It seemed, to many in the city, absurd. With all the criminals in Calabria, and even within the ultra movement, to choose from, the police were picking on a schoolteacher whose only crime was lèse-majesté: criticism of the Establishment in general and of the police in particular. His was an antagonistic voice, certainly, constantly accusing the police of violence. ‘Indiscriminate beatings, arrests without guarantees,’ Claudio later wrote, ‘[the atrocity in] Genova isn’t an exception but the rule.’ He was adamant that it was the militarization of the police that had made the ultras violent and not vice versa. He never denied being a participant in fights. But to most people Claudio seemed the noblest expression of the movement: mentored, as a teenager, by a Franciscan friar, he saw in the terraces the possibility of an alternative world, a place where the dispossessed and the weakest could gather and find protection.
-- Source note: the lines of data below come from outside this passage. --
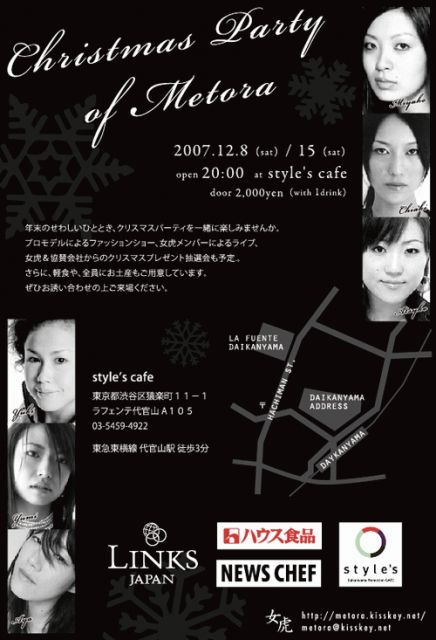 今年も残すところあとわずかとなってきました。 せわしい年末のひととき、女虎と一緒にクリスマスパーティを楽しみませんか? 普段のイベントは「見に行く」感じかもしれませんが、 今回はBBQのときのようなパーティをイメージしています。 新しいお友達もつくっちゃいましょう! 2003年度ミスユニバースジャパン宮崎京(世界大会5位)、 日本大会3位佐藤祐美をはじめとする、ファイナリスト5人を含む 女虎(めとら)というグループでクリスマスパーティをやります! Hurley(http://www.hurley.jp/)のファッションショー、ミニライブ、
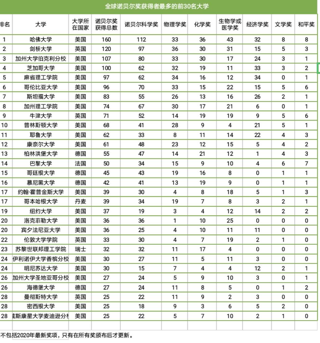 全球高校荣获诺贝尔奖的数量,从一定层面上体现出该校的学术实力和在世界学术界的地位。从上表中可看出,1901年至2019年世界各高校诺贝尔奖人数分布(只展示前30名),美国的实力强悍,19所大学上榜。
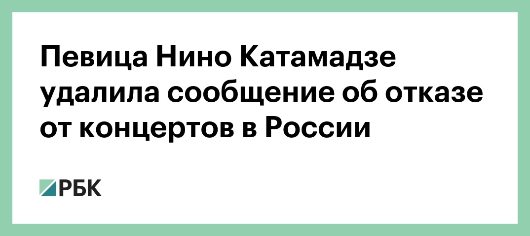 Грузинская певица Нино Катамадзе удалила в своем Facebook сообщение об отказе выступать с концертами в России. Ее последнее сообщение в социальной сети датируется от 29 июня.
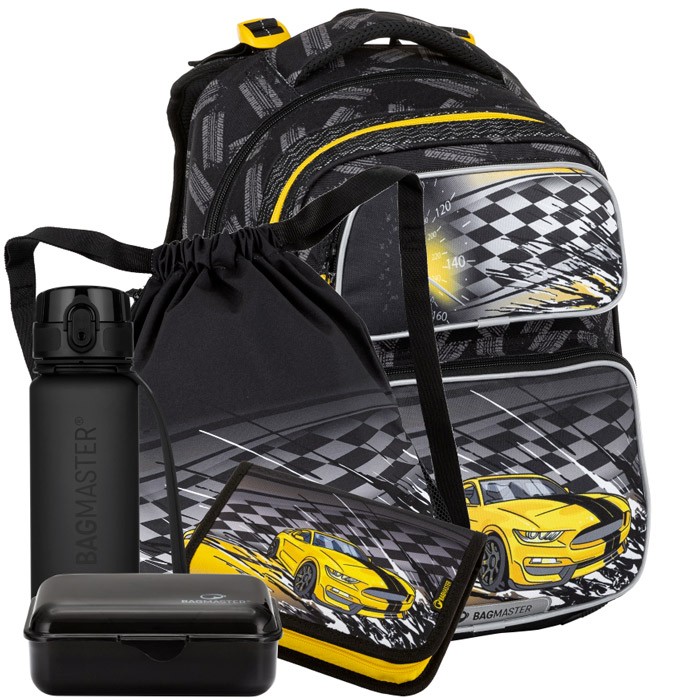 5 részes iskolatáska szett autós motívummal 1-3 osztályos fiúknak. A készlet tartalma: egy iskolatásks, tolltartó, tornazsák, kulacs és uzsonnás doboz.
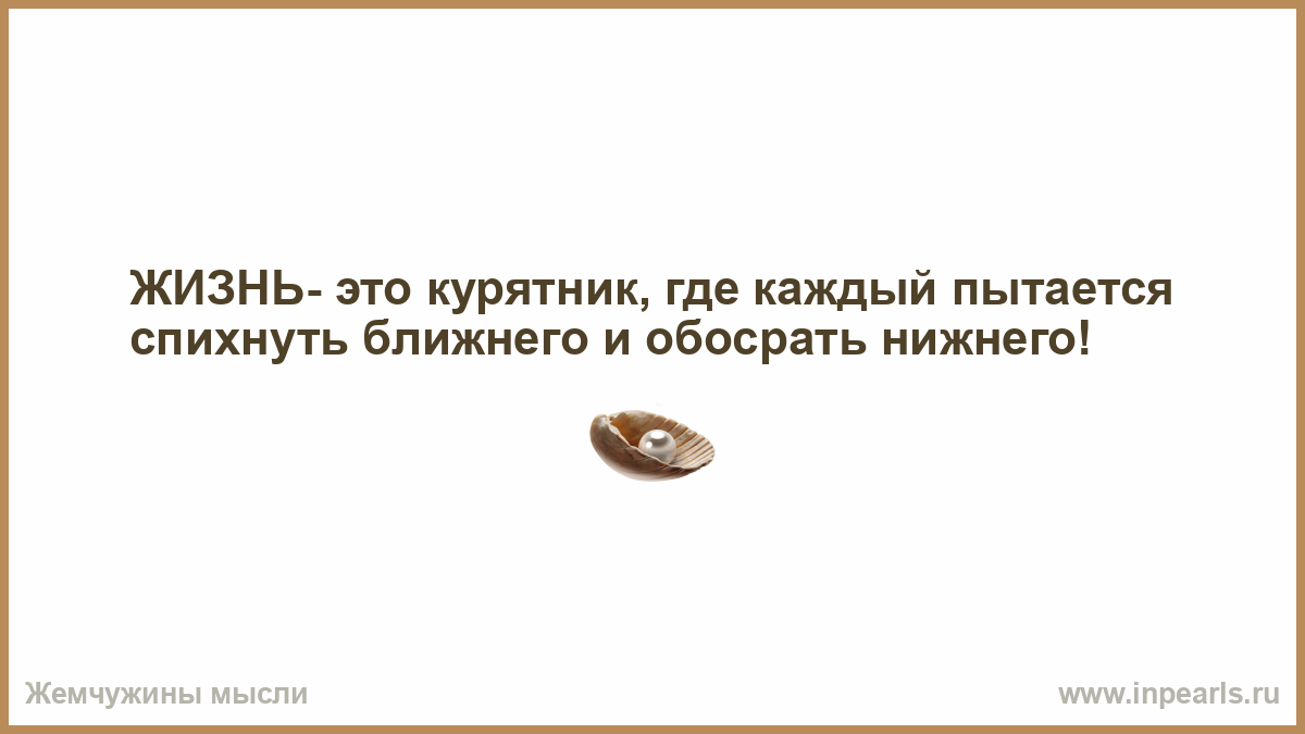 ЖИЗНЬ- это курятник, где каждый пытается спихнуть ближнего и обосрать нижнего!
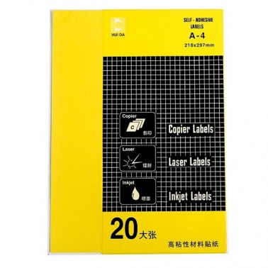 惠達(dá) HD-9802 不干膠打印標(biāo)簽 20張/包 A4 黃色 按包銷售
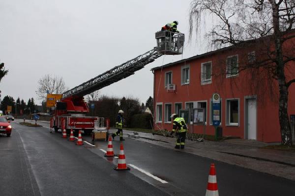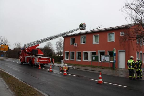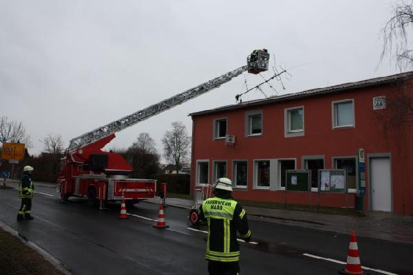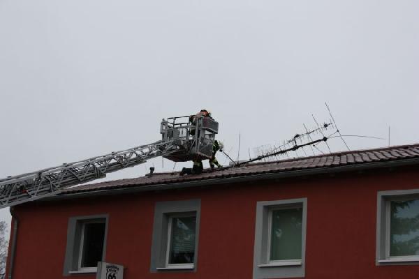 Die Feuerwehr rückte mit der Drehleiter an und entfernte die Antenne, bevor sie unkontrolliert zu Boden stürzen konnte. Weitere kleinere Schäden am Dach werden von der Gemeinde repariert, die Feuerwehr konnte wieder abrücken.

But by now the police were investigating a political network called Rebel South, in which Claudio and other radicals were involved. Police tried to tie the night-time explosions of the 1990s to the group. It was tenuous to say the least but that was the reason for his imprisonment. Claudio was released, pending trial, a week later. He didn’t reach Cosenza until dawn, just as the rising sun was kissing the Silan mountains to the west. But there, waiting by the motorway exit, were a hundred or so ultras, singing and clapping as his car came into view.
The ultra world is often defined by hatred. But Claudio, writing about that dawn, showed that an ultra is also inspired by the opposite: ‘I decided to love you [Cosenza] years ago, when I started proudly to wear the colours of the city. For an ultra, the feeling of appreciation towards one’s own land is written in our DNA. I love your history, Cosenza. I love your legends. I love your rivers and I love the old city. I love your sky and the two mountain ranges which hug you. I love the villages which surround you. I love the gypsies and migrants. I love the Ciroma radio and all the liberated spaces. I love this terrace and its colours. I thank mother nature that I was brought into the world here, at the confluence of the Crati and Busento rivers.’
A laborious trial later cleared him and his alleged accomplices of all charges. But what that arrest, and many others, showed was how much the police and ultra groups were now targeting each other. During 2002–03 there were 51 per cent more stadium-related arrests than the previous season. The figures published by Gnosis, the online magazine of SISDE, an arm of the intelligence services, suggest that whilst there were many fewer actual incidents (a reduction of 40 per cent every year), the violence of those incidents was increasing, with the number of those wounded actually on the rise: from 400 in the 95–96 season to almost 1,200 four years later. Another clear change was the fact that ultra groups, as much as targeting each other, were now fighting pitched battles against public officials. Of the 850 injured in the 2002–03 season, 612 were from the ‘forces of order’, an increase of 72 per cent on the previous year. Even allowing for the cynic’s response that the police had an economic incentive to claim injury, it was clear that the ultras had a new target.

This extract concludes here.